> _Work to be completed_:
Nothing but the lines below from the one that contains "This Frame Lock" through the one that contains "1. Suction cup: Strong" should be retyped, exactly and including both ends. Do not include pictures.

> _Exercise inputs_:
★ ★ ★ ★

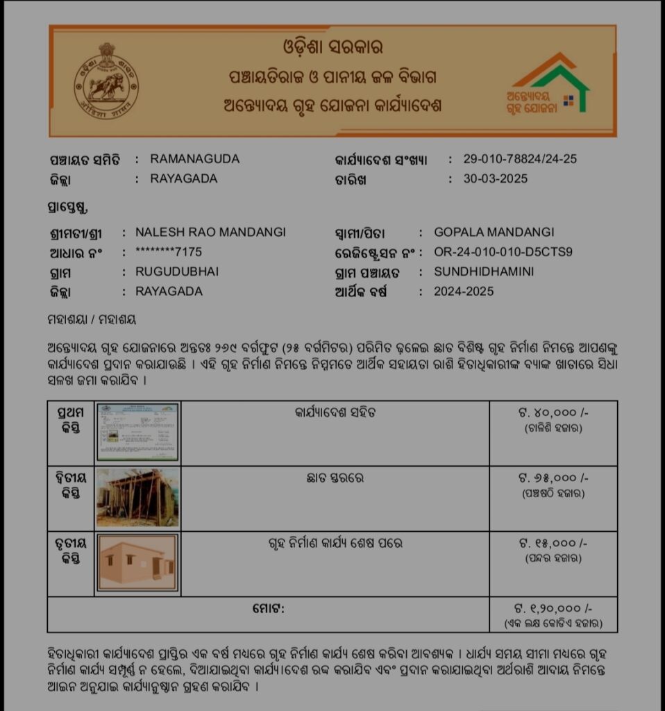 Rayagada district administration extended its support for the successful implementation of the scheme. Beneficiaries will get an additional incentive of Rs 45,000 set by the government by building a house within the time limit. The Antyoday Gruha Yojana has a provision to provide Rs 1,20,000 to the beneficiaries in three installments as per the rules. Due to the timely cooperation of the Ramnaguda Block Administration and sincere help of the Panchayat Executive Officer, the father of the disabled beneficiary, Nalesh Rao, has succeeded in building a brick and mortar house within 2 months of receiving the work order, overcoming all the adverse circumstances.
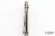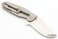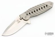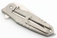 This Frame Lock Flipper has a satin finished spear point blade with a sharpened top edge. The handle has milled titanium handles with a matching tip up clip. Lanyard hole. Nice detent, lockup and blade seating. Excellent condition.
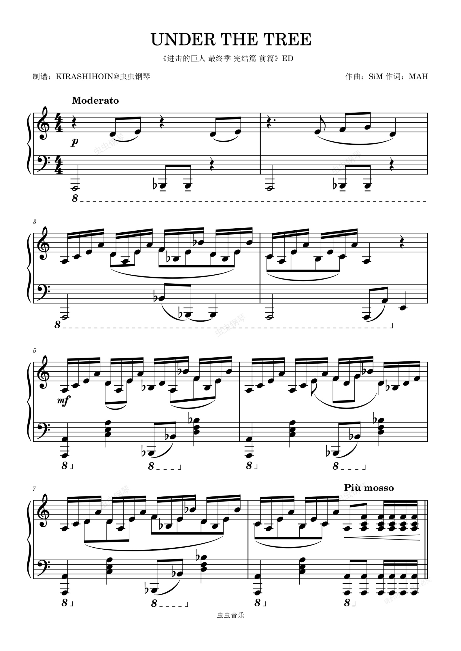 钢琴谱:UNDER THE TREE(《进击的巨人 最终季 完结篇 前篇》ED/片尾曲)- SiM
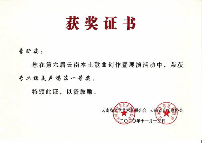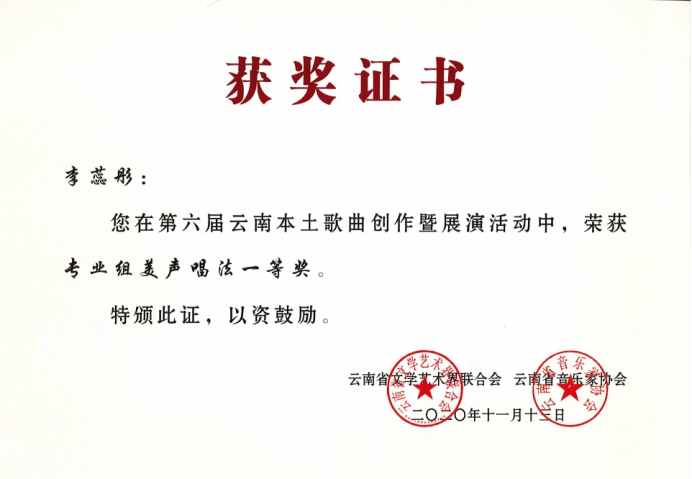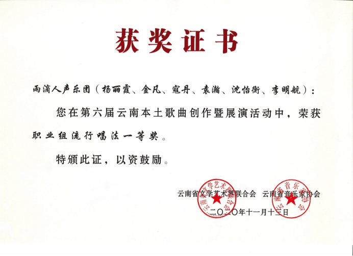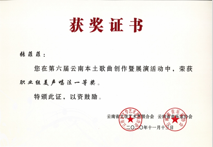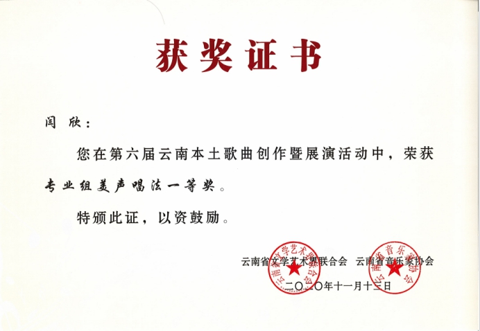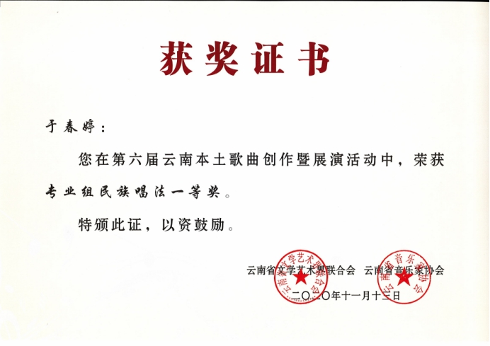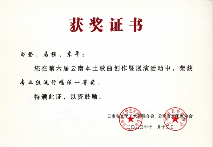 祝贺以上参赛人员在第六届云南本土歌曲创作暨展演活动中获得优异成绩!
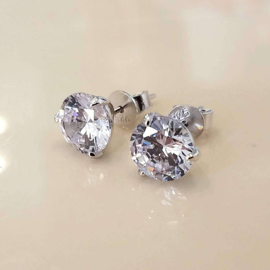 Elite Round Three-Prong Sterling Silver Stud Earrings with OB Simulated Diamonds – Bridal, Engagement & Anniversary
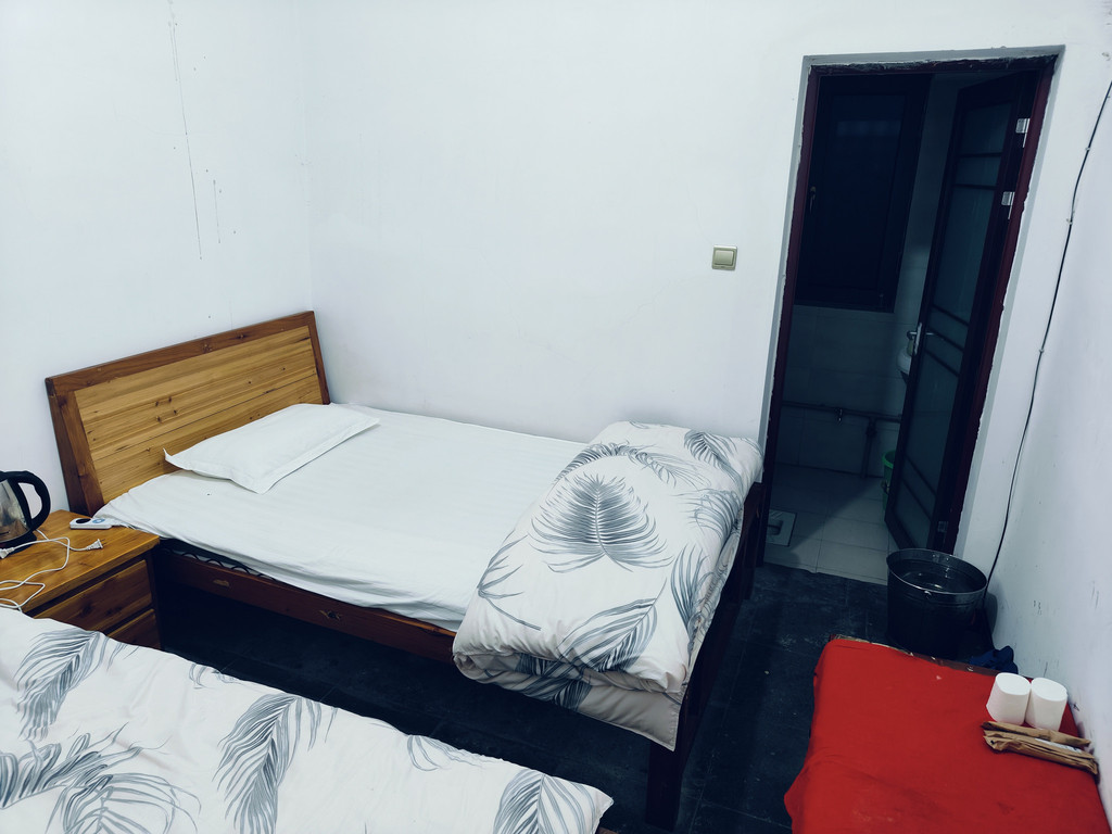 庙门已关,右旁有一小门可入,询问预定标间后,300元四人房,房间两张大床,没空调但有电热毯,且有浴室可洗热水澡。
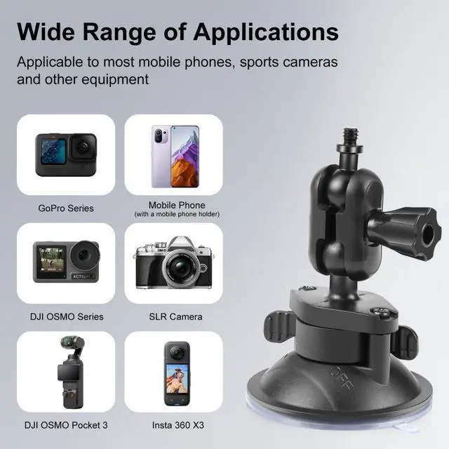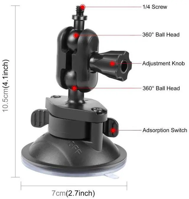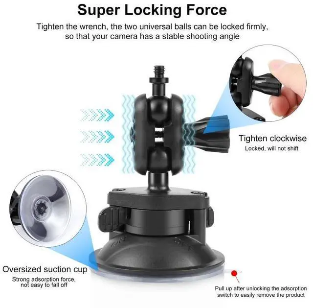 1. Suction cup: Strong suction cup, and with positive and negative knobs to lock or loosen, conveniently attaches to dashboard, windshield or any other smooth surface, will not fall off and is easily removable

★ ★ ★ ★

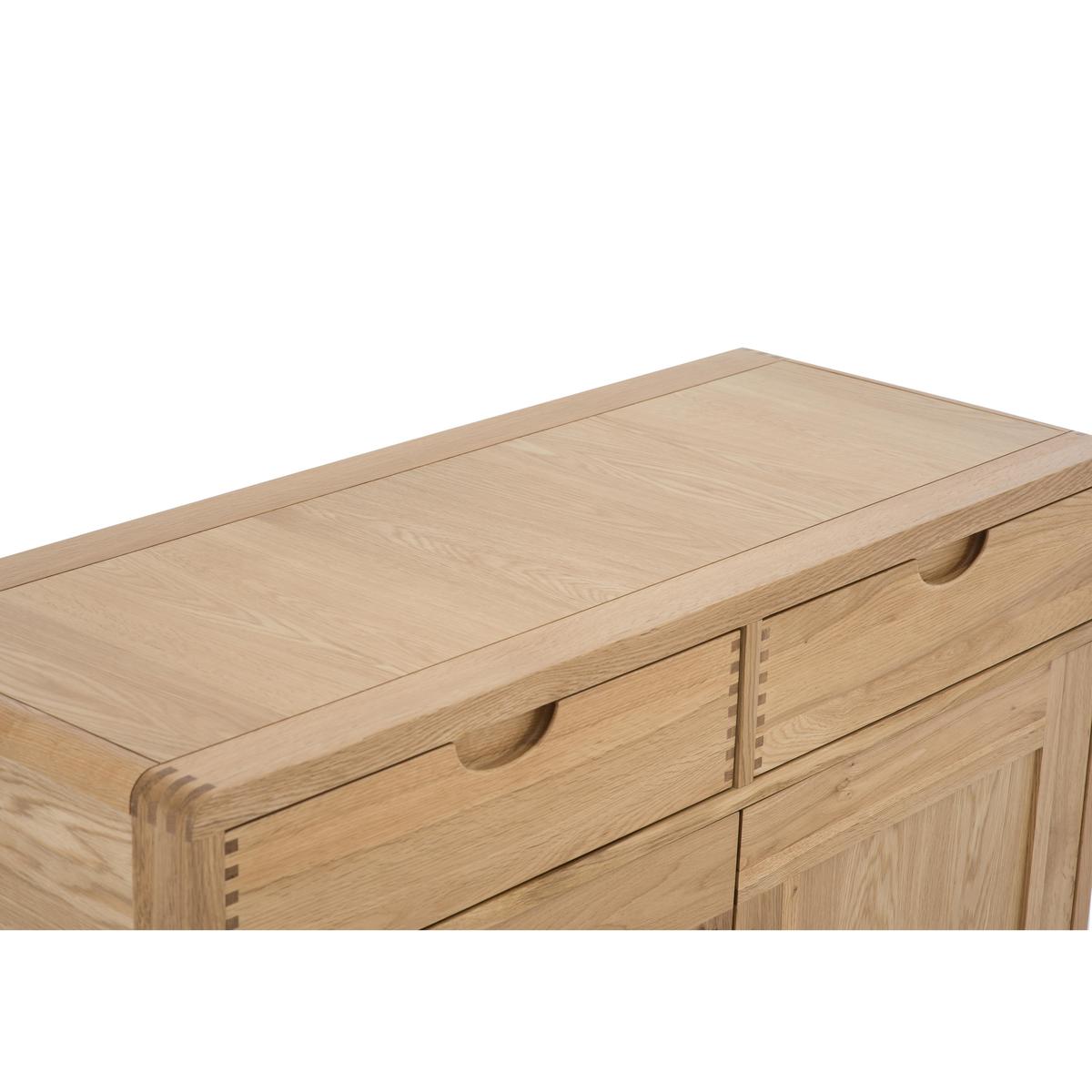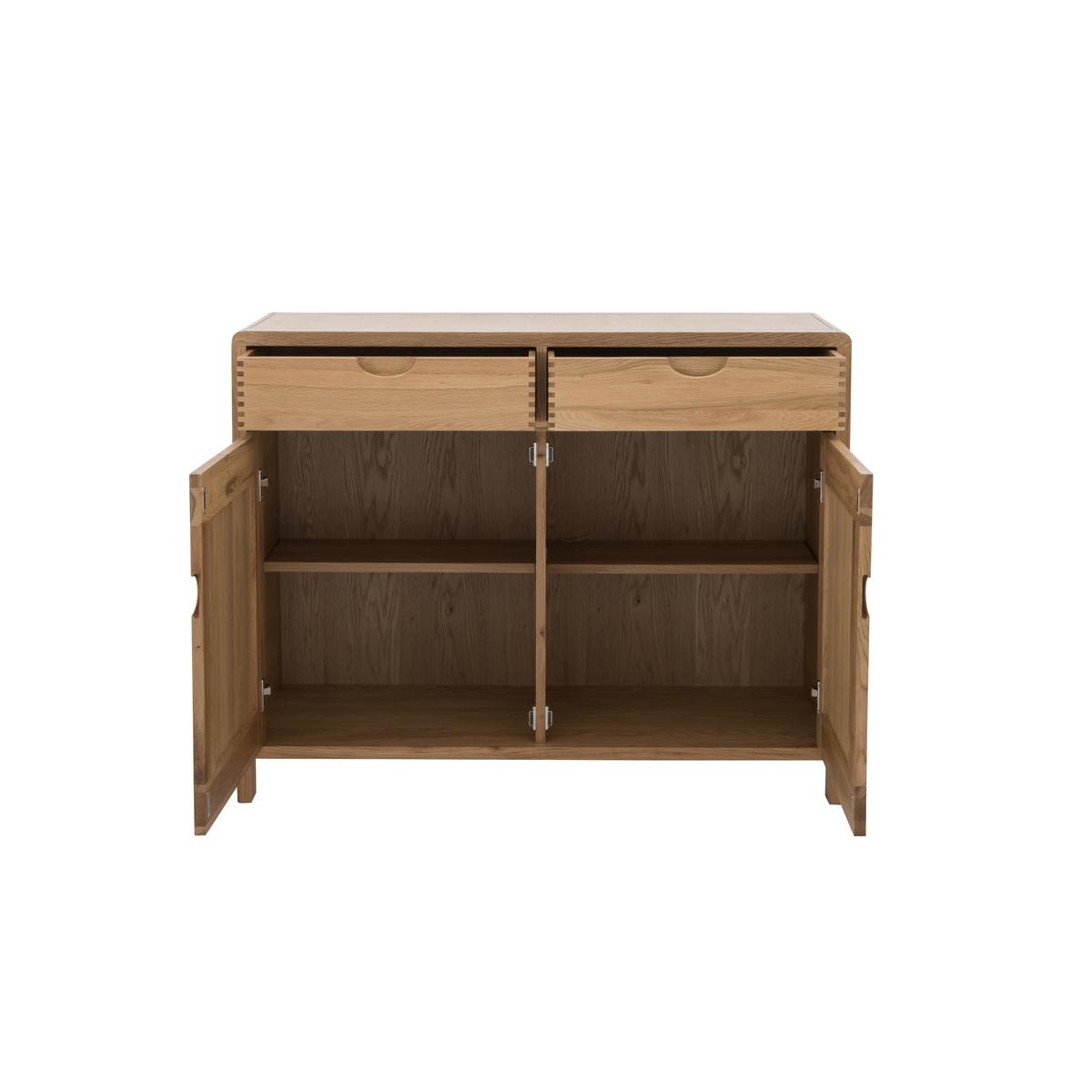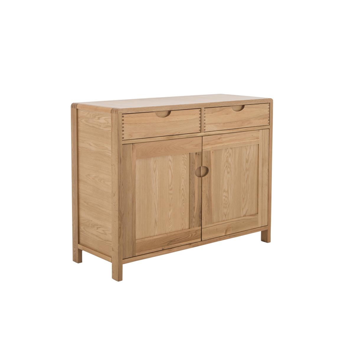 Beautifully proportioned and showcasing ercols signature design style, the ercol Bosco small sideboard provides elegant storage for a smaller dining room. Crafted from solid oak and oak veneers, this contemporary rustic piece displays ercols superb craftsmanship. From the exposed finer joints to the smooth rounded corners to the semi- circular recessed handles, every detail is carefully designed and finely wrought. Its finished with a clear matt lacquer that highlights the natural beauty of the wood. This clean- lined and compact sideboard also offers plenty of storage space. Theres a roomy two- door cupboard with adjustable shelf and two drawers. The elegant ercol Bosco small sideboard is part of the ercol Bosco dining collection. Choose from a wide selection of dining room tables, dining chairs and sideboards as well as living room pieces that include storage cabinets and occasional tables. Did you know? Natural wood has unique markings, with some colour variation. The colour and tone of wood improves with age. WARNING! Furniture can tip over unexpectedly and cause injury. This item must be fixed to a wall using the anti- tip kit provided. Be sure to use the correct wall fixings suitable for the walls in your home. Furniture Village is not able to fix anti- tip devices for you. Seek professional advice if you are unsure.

★ ★ ★ ★

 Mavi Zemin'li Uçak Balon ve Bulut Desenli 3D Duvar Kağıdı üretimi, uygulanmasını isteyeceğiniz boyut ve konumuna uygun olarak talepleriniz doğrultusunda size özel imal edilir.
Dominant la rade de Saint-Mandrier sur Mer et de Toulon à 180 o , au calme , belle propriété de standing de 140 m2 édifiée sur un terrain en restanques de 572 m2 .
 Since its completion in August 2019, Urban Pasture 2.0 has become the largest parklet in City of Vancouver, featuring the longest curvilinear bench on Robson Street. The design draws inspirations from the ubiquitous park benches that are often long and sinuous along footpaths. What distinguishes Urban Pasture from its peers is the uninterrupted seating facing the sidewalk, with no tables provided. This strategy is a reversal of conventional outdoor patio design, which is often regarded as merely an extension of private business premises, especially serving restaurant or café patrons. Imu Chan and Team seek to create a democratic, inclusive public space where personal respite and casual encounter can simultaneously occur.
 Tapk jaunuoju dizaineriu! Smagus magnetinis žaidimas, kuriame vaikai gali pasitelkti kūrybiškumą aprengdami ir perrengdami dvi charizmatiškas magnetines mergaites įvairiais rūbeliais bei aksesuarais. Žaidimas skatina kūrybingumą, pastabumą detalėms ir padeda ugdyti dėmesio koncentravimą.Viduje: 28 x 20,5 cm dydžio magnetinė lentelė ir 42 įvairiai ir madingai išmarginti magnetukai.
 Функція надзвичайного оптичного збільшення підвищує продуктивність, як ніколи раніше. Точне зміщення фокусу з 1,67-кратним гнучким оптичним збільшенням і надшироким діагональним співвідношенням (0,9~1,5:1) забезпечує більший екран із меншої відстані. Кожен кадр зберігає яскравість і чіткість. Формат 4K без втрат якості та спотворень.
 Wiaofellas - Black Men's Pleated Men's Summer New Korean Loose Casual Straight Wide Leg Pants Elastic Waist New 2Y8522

★ ★ ★ ★

> _Answer below_:
 This Frame Lock Flipper has a satin finished spear point blade with a sharpened top edge. The handle has milled titanium handles with a matching tip up clip. Lanyard hole. Nice detent, lockup and blade seating. Excellent condition.
 钢琴谱:UNDER THE TREE(《进击的巨人 最终季 完结篇 前篇》ED/片尾曲)- SiM
 祝贺以上参赛人员在第六届云南本土歌曲创作暨展演活动中获得优异成绩!
 Elite Round Three-Prong Sterling Silver Stud Earrings with OB Simulated Diamonds – Bridal, Engagement & Anniversary
 庙门已关,右旁有一小门可入,询问预定标间后,300元四人房,房间两张大床,没空调但有电热毯,且有浴室可洗热水澡。
 1. Suction cup: Strong suction cup, and with positive and negative knobs to lock or loosen, conveniently attaches to dashboard, windshield or any other smooth surface, will not fall off and is easily removable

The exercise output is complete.